Low carb chicken and kale “dumplings” in a spicy tomato broth
- CHICKEN DUMPLINGS:
- 480 g deboned chicken breasts - chopped
- 2 cup kale - shredded
- 2 spring onions - chopped
- 22 g Parmesan cheese - finely grated
- 1/2 green chilli
- 3/4 tsp salt
- olive oil - for shallow frying
- 1 tsp olive oil
- 1 red onion - diced
- 1 tsp medium curry powder
- 1 tsp garlic - finely chopped
- 1 can chopped tomatoes
- 2 Tbs tomato paste
- 5 cup chicken stock
- 1 cup cauliflower rice
- 20 ml sour cream - to serve
For the chicken dumplings, place all of the ingredients into a food processor and blend until fine. Use your hands to roll the mixture into 24 balls. Heat a splash of olive oil in a large heavy based pan over medium heat. Fry the chicken dumplings off in batches for a minute on each side to give them some colour. Remove with a slotted spoon and drain on kitchen paper.
For the broth, heat the oil in a pot over medium heat. Add the onions and sauté for 5 minutes. Stir in the curry powder and garlic and sauté, 1 minute. Add the tinned tomatoes, tomato paste, xylitol, stock, and cauliflower and simmer, 10 minutes. Add the chicken dumplings and cook, 4 minutes.
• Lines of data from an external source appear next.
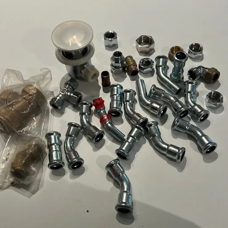 Sælger diverse blandere og fittings, herunder klämringskoblinger, vinkler og andre fittings. Mærker kan forekomme. De fleste er ubrugte. Se billeder for detaljer. Samler gerne fragt
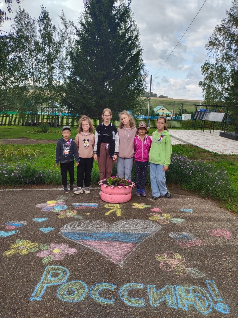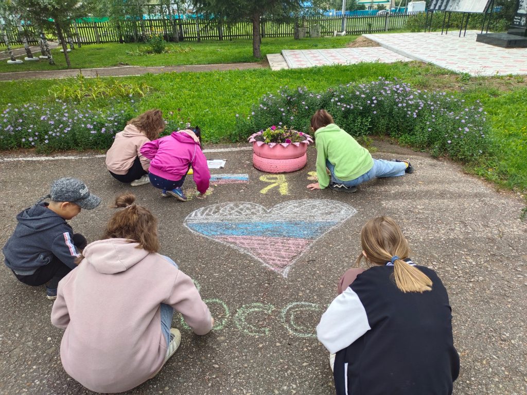 Речь шла о главном из символов нашего Государства — флаг Российской Федерации. О цветах флага, что они означают, что символизируют. Ребята получили не только поздравления, но и небольшие сувениры ленточки. Мероприятие продолжалось конкурсом рисунков на асфальте.
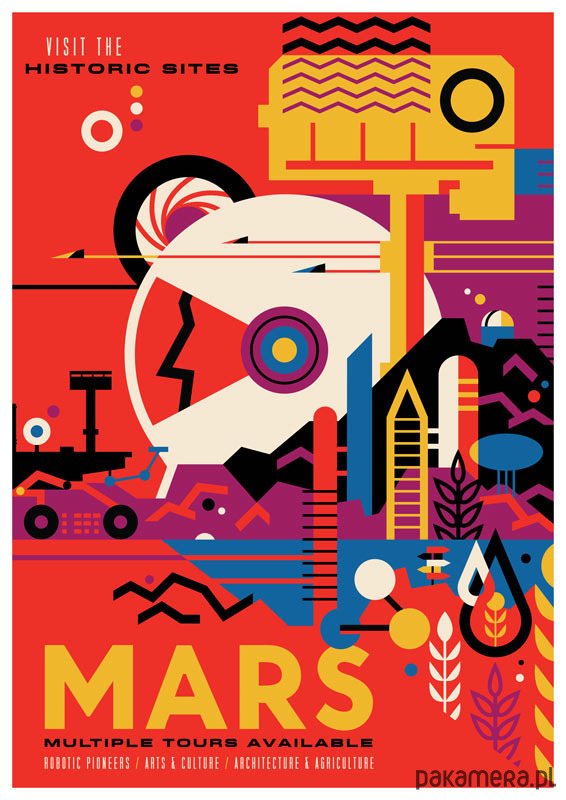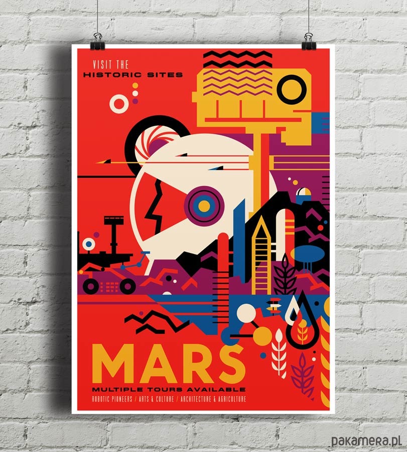Plakat w stylu vintage przedstawiający wyprawę na planetę Mars, reklamowaną sloganem "Odwiedź historyczne miejsca".

Season the broth to taste. Serve each portion with a dollop of sour cream and scatter some coriander on top.
TIP: The dumplings are best rolled with wet hands. Dip your hands in cold water throughout the rolling process to prevent the mixture from sticking to your hands.
TIP: To make cauliflower rice, place raw cauliflower florets in a food processor and blend until fine. Cauliflower rice is also now available in most supermarkets in the fresh produce section.